First of all, it must be noted that C was invented during a very early computer era, based on B and BCPL languages from the 1960s. Lots of different experimental computers existed back then - nobody quite knew which ones would survive or become industry standard.
Because of this, the C language even supports three different forms of signed number formats: 1's complement, 2's complement and signed magnitude. Where 1's complement and signed magnitude are allowed to come with exotic behavior such as trap representations or padding bits. But some 99.999% of all modern real-world computers use 2's complement, so all of this is very unhelpful.
Why we need to define these data type so vague
We don't. Not giving the integer types a fixed size and signedness was arguably a naive design mistake. The rationale back in the days was to allow C to run on as many different computers as possible. Which is as it turns out, not at all the same thing as porting C code between different computers.
Lazy programmers might find it handy to sloppily spam int
everywhere without thinking about integer limits, then get a "suitable, large enough integer of the local signedness". But that's not in the slightest helpful when we for example need to use exactly 16 bits 2's complement. Or when we need to optimize for size.
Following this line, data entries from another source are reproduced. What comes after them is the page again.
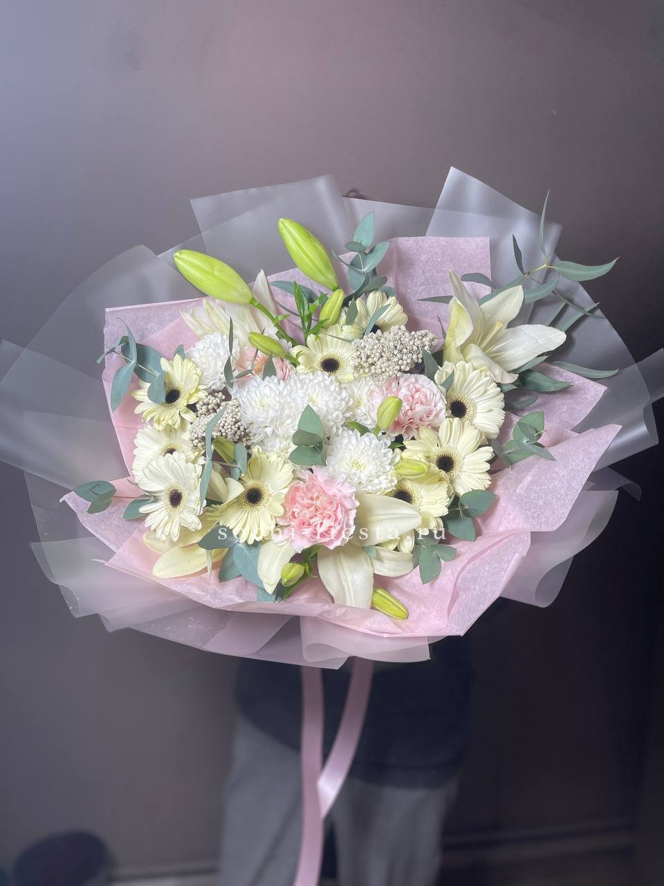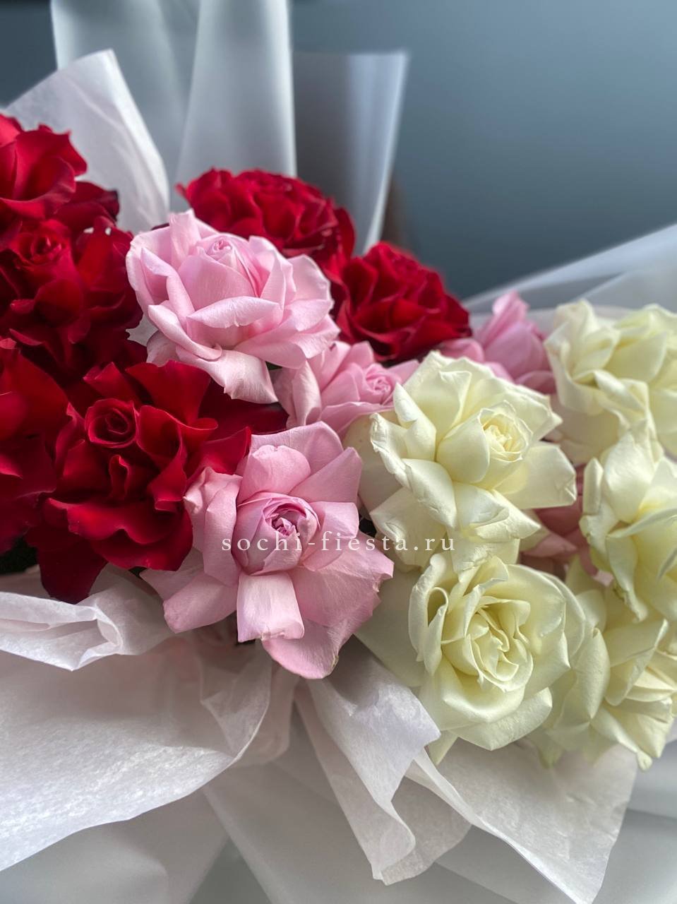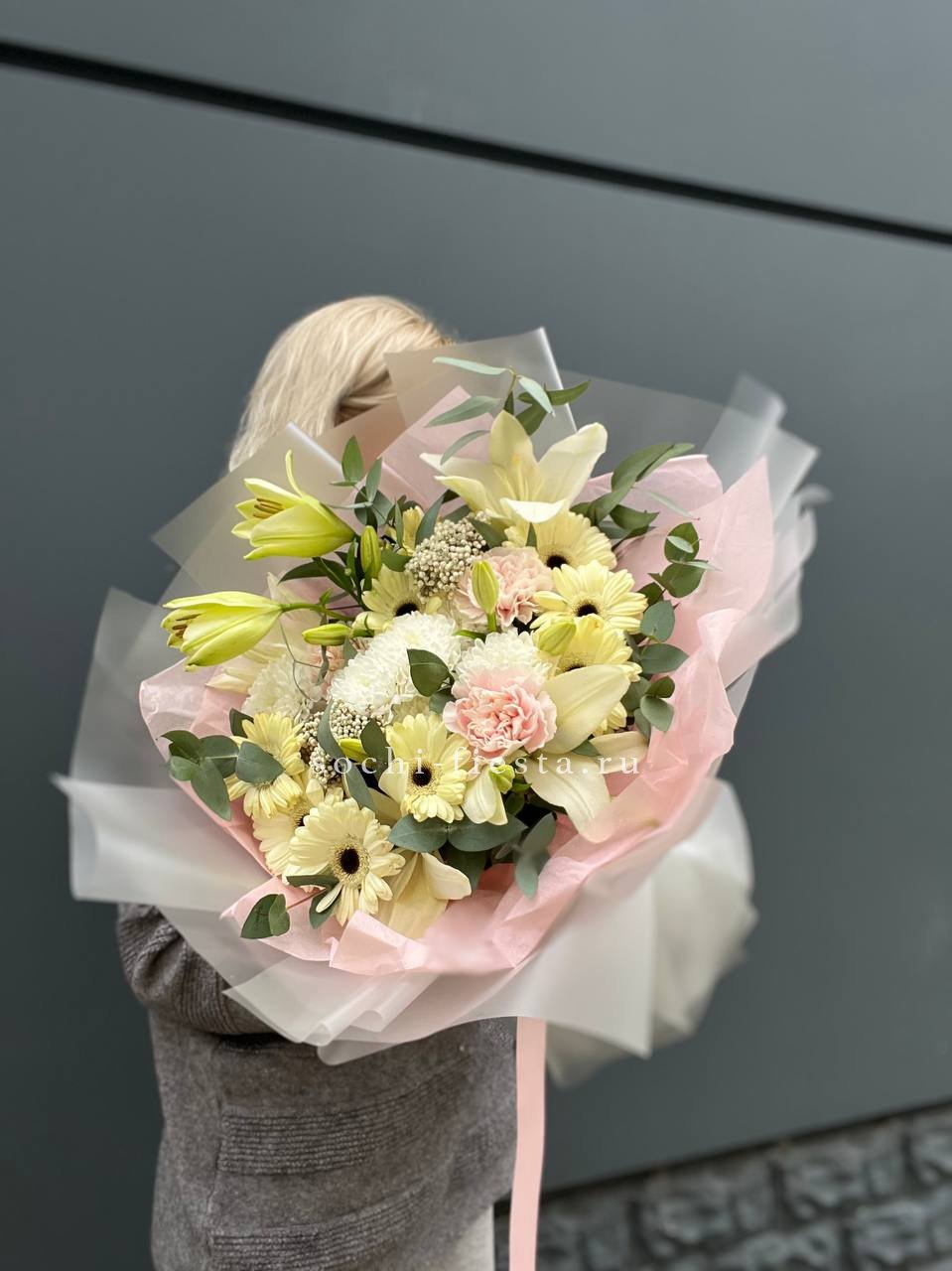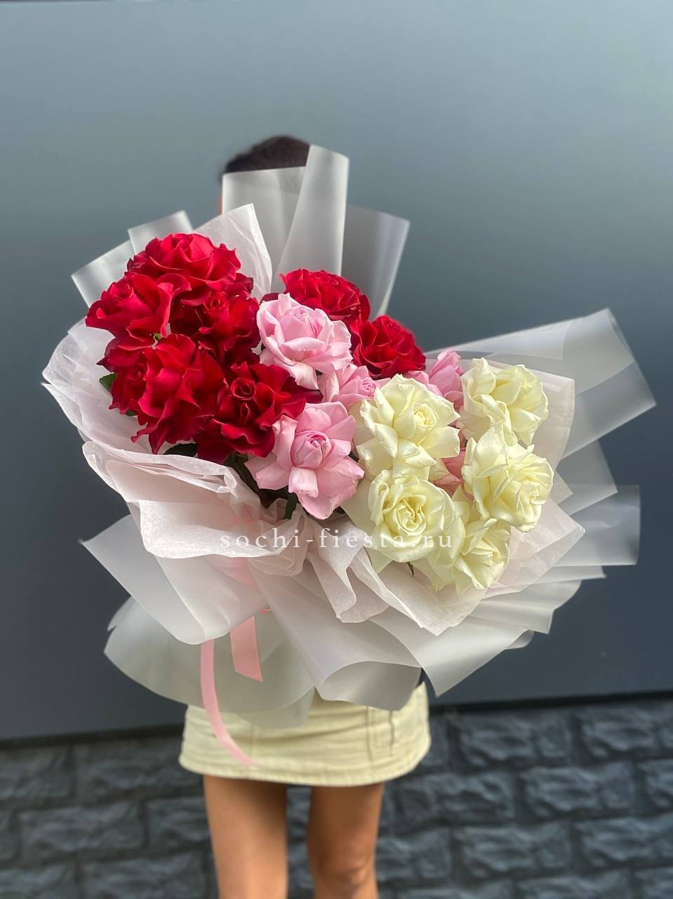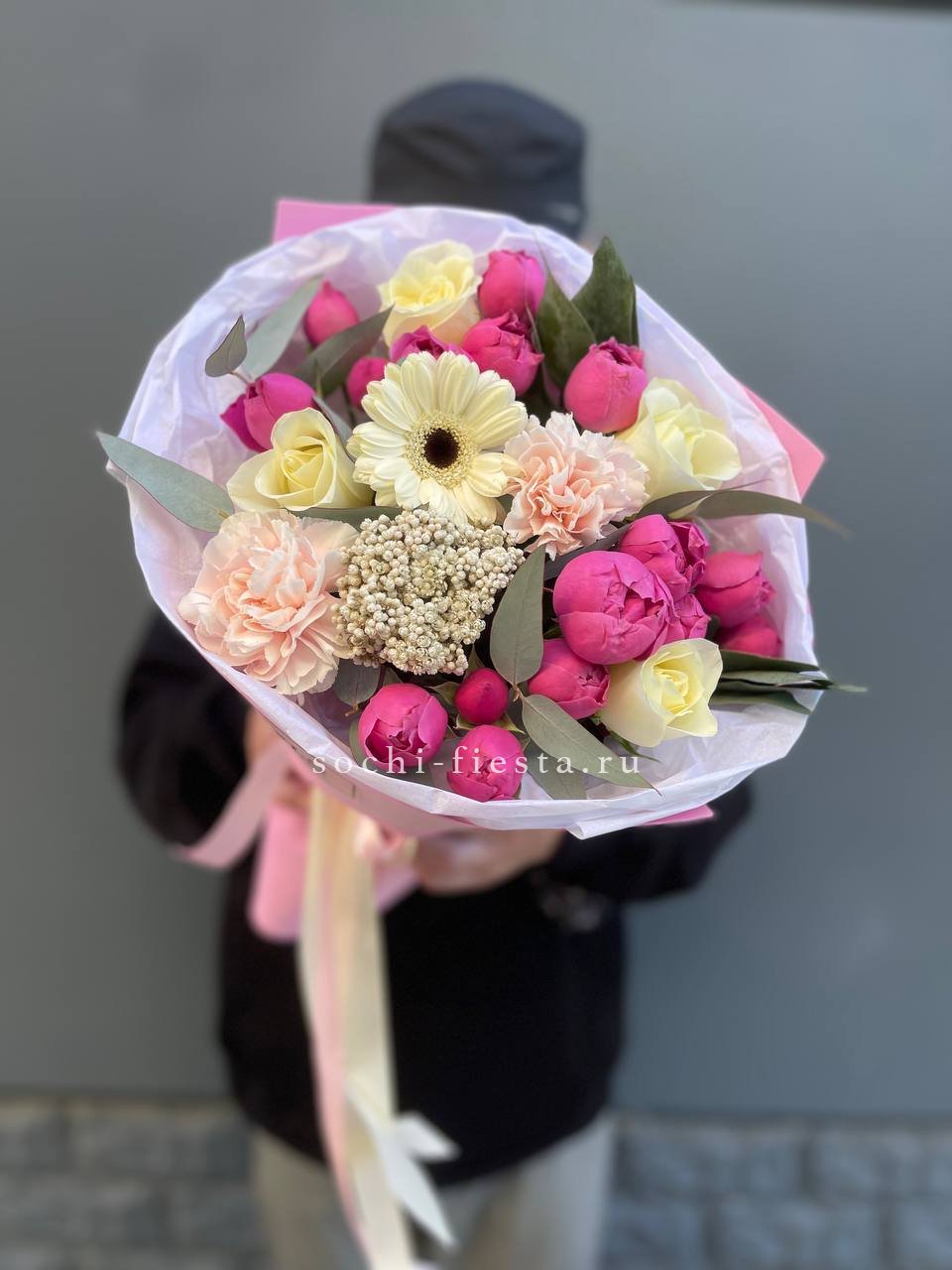 Одиннадцать французских роз выстроены в округлую композицию с веточками эвкалипта. Бутоны крупные и плотные, держат форму и наполняют пространство свежим присутствием.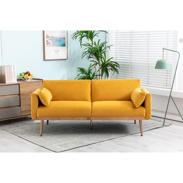 كنبة ثلاث مقاعد مخملية بأقدام معدنية من سمبل هوم – اللون الأصفر
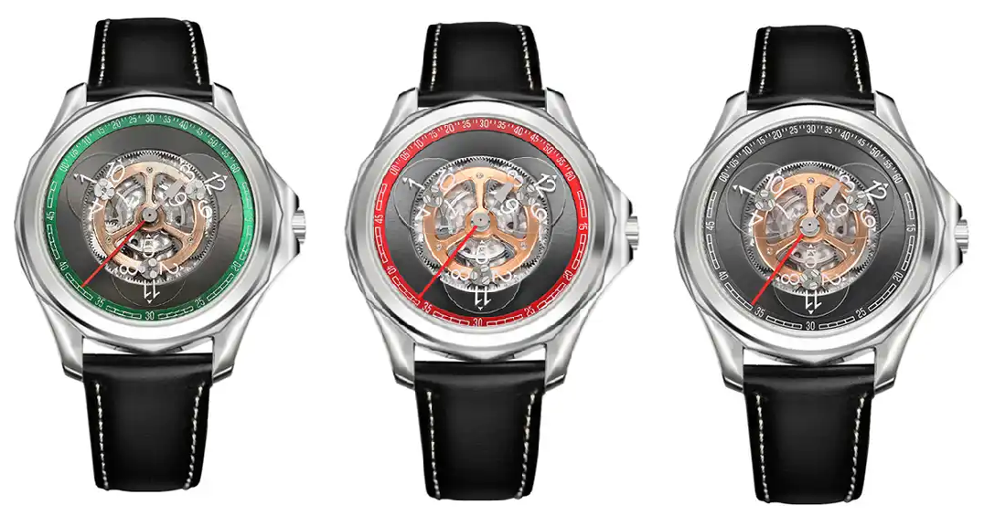 Daneben wurde aber eben auch ein zweites Modell mit eigenständigem Design herausgebracht, das es zunächst in 3 Farbvarianten gab, mit rotem, grünem oder schwarzem Chapter-Ring (Minuterie):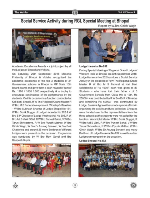 the Lodges of Bhopal and Vidisha. During Special Meeting of Regional Grand Lodge of

Or when we are using an 8 bit CPU and want to avoid anything larger than 8 bits whenever possible.
So int
& friends are not quite portable: the size and signedness format is unknown and inconsistent across platforms, making these so-called "primitive data types" potentially dangerous and/or inefficient.
To make things worse, the unpredictable behavior of int
collides with other language flaws like implicit int type promotion (see Implicit type promotion rules), or the fact that integer constants like 1
are always int
. These rules were meant to turn every expression into int
, to save incompetent programmers from themselves, in case they did arithmetic with overflow on small, signed integer types.
For example int8_t i8=0; ... i8 = i8 + 256;
doesn't actually cause signed overflow in C, because the operation is carried out on type int
, which is then converted back to the small integer type int8_t
(although in an implementation-defined manner).
However, the implicit promotion rules always caused more harm than good. Your unsigned short
may suddenly and silently turn into a signed int
when ported from a 16 bit system to a 32 bit system. Which in turn can create all manner of subtle bugs, particularly when using bitwise operators/writing hardware-related code. And the rules create an inconsistency between how small integer types and large integer types work inside expressions.
To solve some of these problems, stdint.h
was introduced in the language back in 1999. It contains types like uint8_t
that are guaranteed to have a fixed size no matter system. And they are guaranteed to be 2's complement. In addition, we may use types like uint_fast8_t
to let the compiler pick the fastest suitable type for a given system, portably. Most professional C software nowadays - embedded systems in particular - only ever use the stdint.h
types and never the native types.
stdint.h
makes it easier to port code, but it doesn't really solve the implicit promotion problems. To solve those, the language would have to be rewritten with a stronger type system and enforce that all integer converts have to be explicit with casts. Since there is no hope of C ever getting fixed, safe subsets of the language were developed, such as MISRA-C and CERT-C. A significant portion of these documents are dedicated to solving implicit conversion bugs.
A note about size_t
specifically, it is guaranteed to be unsigned and "large enough", but that's about it. They didn't really give enough thought about defining what it's supposed to represent. The maximum size of an object? An array? Or just the type returned by sizeof
? There's an unexpected dependency between it and ptrdiff_t
- another language flaw - see this exotic problem I ran into when using size_t
to represent the maximum allowed size of an array.